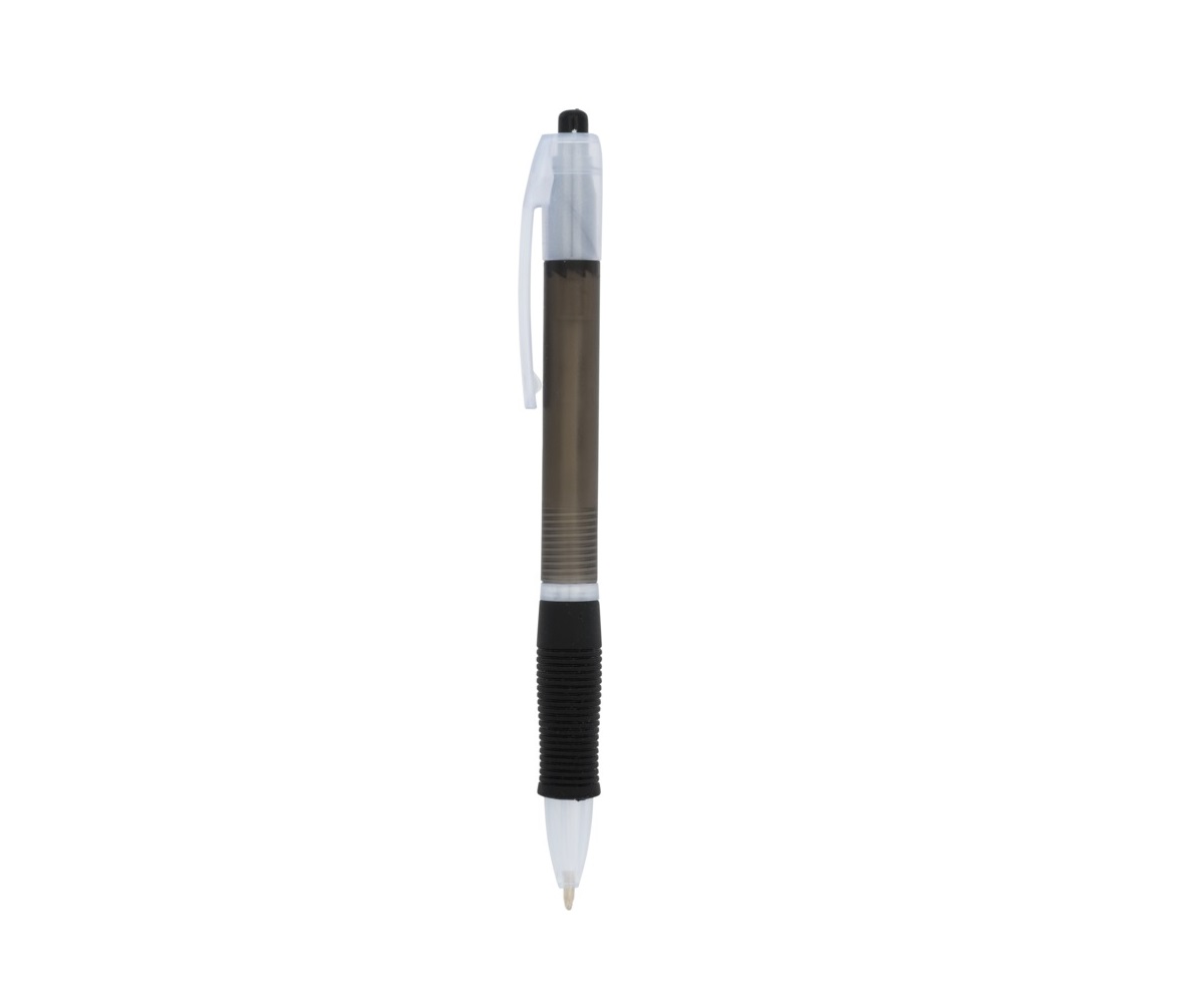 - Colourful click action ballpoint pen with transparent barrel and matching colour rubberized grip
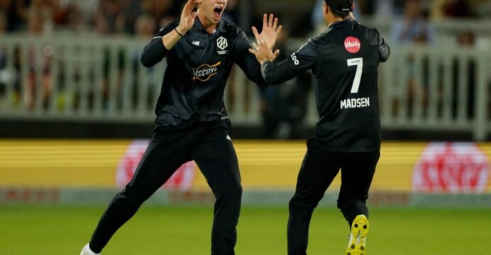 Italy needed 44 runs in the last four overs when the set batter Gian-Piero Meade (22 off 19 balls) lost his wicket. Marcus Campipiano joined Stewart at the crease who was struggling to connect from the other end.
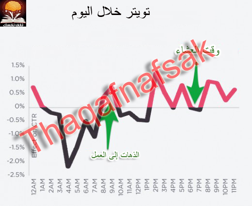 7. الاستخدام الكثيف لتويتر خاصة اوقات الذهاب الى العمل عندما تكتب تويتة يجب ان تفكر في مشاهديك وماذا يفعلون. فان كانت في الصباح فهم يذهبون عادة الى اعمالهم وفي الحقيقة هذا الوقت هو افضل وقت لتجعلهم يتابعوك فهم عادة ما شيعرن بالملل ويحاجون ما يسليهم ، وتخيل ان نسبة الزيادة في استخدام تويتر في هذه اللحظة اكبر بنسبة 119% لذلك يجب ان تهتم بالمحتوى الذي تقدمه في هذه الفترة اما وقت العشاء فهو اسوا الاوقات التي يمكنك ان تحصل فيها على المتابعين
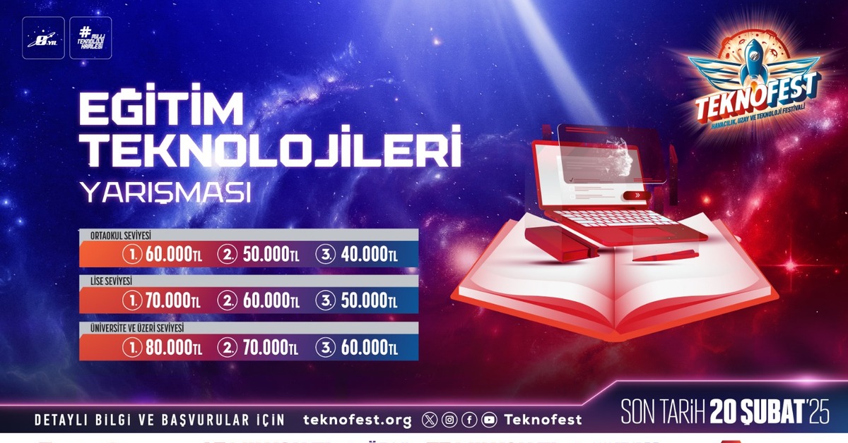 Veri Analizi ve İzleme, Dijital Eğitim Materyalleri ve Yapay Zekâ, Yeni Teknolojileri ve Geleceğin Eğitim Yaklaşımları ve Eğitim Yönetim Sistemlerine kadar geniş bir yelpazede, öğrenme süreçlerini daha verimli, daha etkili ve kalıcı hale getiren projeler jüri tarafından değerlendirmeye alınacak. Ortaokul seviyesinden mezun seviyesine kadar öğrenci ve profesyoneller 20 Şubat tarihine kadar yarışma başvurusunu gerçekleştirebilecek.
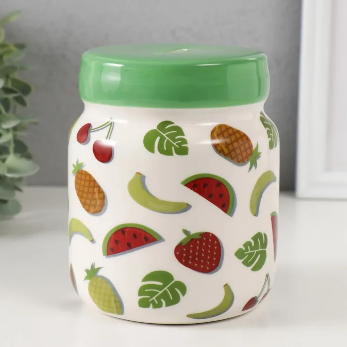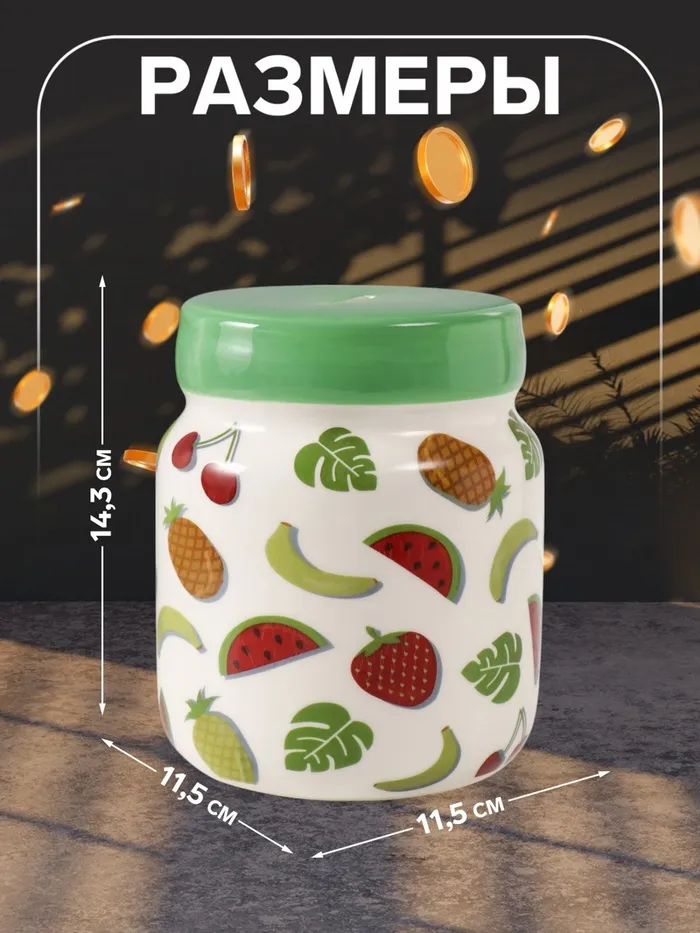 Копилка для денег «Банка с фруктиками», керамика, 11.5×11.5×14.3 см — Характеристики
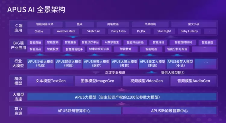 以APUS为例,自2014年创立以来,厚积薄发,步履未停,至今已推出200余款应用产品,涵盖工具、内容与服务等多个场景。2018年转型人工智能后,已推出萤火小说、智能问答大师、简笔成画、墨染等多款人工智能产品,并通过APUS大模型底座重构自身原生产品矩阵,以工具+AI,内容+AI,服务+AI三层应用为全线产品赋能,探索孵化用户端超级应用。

====================

* [Action item]:
In this exercise, set down all of the data exactly, without the pictures.

* [Task solution]:
 - Colourful click action ballpoint pen with transparent barrel and matching colour rubberized grip
 Italy needed 44 runs in the last four overs when the set batter Gian-Piero Meade (22 off 19 balls) lost his wicket. Marcus Campipiano joined Stewart at the crease who was struggling to connect from the other end.
 7. الاستخدام الكثيف لتويتر خاصة اوقات الذهاب الى العمل عندما تكتب تويتة يجب ان تفكر في مشاهديك وماذا يفعلون. فان كانت في الصباح فهم يذهبون عادة الى اعمالهم وفي الحقيقة هذا الوقت هو افضل وقت لتجعلهم يتابعوك فهم عادة ما شيعرن بالملل ويحاجون ما يسليهم ، وتخيل ان نسبة الزيادة في استخدام تويتر في هذه اللحظة اكبر بنسبة 119% لذلك يجب ان تهتم بالمحتوى الذي تقدمه في هذه الفترة اما وقت العشاء فهو اسوا الاوقات التي يمكنك ان تحصل فيها على المتابعين
 Veri Analizi ve İzleme, Dijital Eğitim Materyalleri ve Yapay Zekâ, Yeni Teknolojileri ve Geleceğin Eğitim Yaklaşımları ve Eğitim Yönetim Sistemlerine kadar geniş bir yelpazede, öğrenme süreçlerini daha verimli, daha etkili ve kalıcı hale getiren projeler jüri tarafından değerlendirmeye alınacak. Ortaokul seviyesinden mezun seviyesine kadar öğrenci ve profesyoneller 20 Şubat tarihine kadar yarışma başvurusunu gerçekleştirebilecek.
 Копилка для денег «Банка с фруктиками», керамика, 11.5×11.5×14.3 см — Характеристики
 以APUS为例,自2014年创立以来,厚积薄发,步履未停,至今已推出200余款应用产品,涵盖工具、内容与服务等多个场景。2018年转型人工智能后,已推出萤火小说、智能问答大师、简笔成画、墨染等多款人工智能产品,并通过APUS大模型底座重构自身原生产品矩阵,以工具+AI,内容+AI,服务+AI三层应用为全线产品赋能,探索孵化用户端超级应用。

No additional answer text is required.